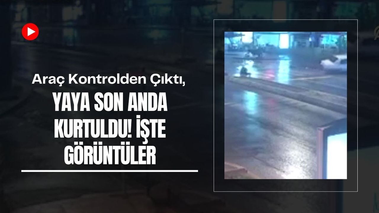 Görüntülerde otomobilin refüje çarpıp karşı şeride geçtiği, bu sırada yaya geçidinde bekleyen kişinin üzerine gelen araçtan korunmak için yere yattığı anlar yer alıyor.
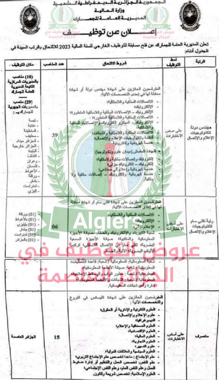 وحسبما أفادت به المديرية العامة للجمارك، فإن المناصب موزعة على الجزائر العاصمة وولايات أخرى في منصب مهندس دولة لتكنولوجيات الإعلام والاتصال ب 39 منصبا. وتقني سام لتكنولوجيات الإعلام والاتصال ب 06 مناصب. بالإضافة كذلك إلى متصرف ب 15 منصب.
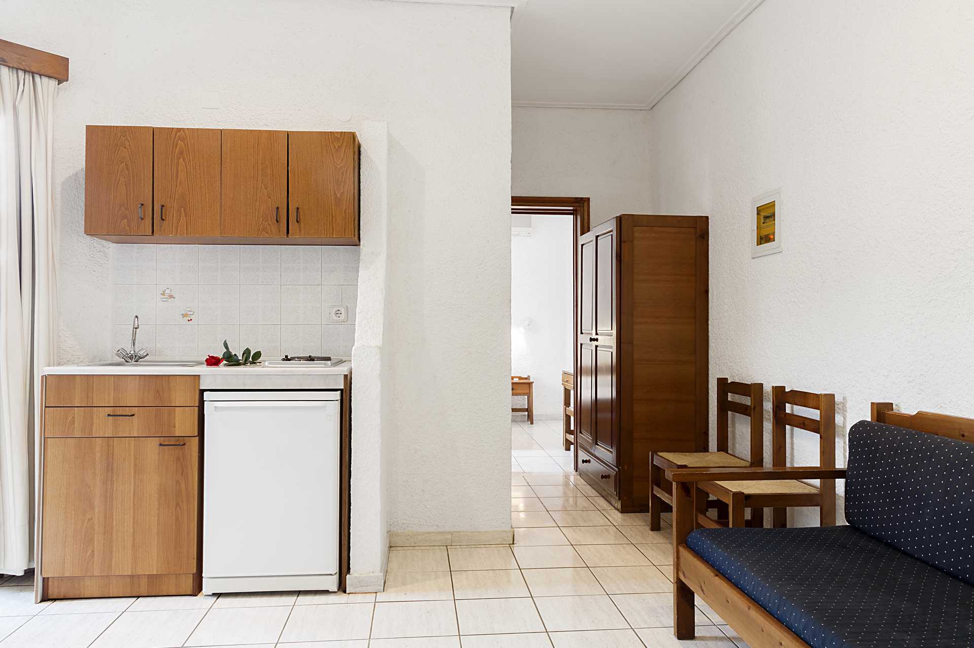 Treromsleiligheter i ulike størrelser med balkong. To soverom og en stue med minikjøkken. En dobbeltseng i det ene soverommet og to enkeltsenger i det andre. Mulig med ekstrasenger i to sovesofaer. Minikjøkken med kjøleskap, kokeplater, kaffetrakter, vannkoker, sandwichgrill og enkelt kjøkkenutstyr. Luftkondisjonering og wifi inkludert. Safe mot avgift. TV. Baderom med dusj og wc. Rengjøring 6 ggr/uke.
--------------------------------
▶ _Exercise details_
Would you retype every line shown above exactly, leaving the pictures aside?

▶ _Reply_
 Görüntülerde otomobilin refüje çarpıp karşı şeride geçtiği, bu sırada yaya geçidinde bekleyen kişinin üzerine gelen araçtan korunmak için yere yattığı anlar yer alıyor.
 وحسبما أفادت به المديرية العامة للجمارك، فإن المناصب موزعة على الجزائر العاصمة وولايات أخرى في منصب مهندس دولة لتكنولوجيات الإعلام والاتصال ب 39 منصبا. وتقني سام لتكنولوجيات الإعلام والاتصال ب 06 مناصب. بالإضافة كذلك إلى متصرف ب 15 منصب.
 Treromsleiligheter i ulike størrelser med balkong. To soverom og en stue med minikjøkken. En dobbeltseng i det ene soverommet og to enkeltsenger i det andre. Mulig med ekstrasenger i to sovesofaer. Minikjøkken med kjøleskap, kokeplater, kaffetrakter, vannkoker, sandwichgrill og enkelt kjøkkenutstyr. Luftkondisjonering og wifi inkludert. Safe mot avgift. TV. Baderom med dusj og wc. Rengjøring 6 ggr/uke.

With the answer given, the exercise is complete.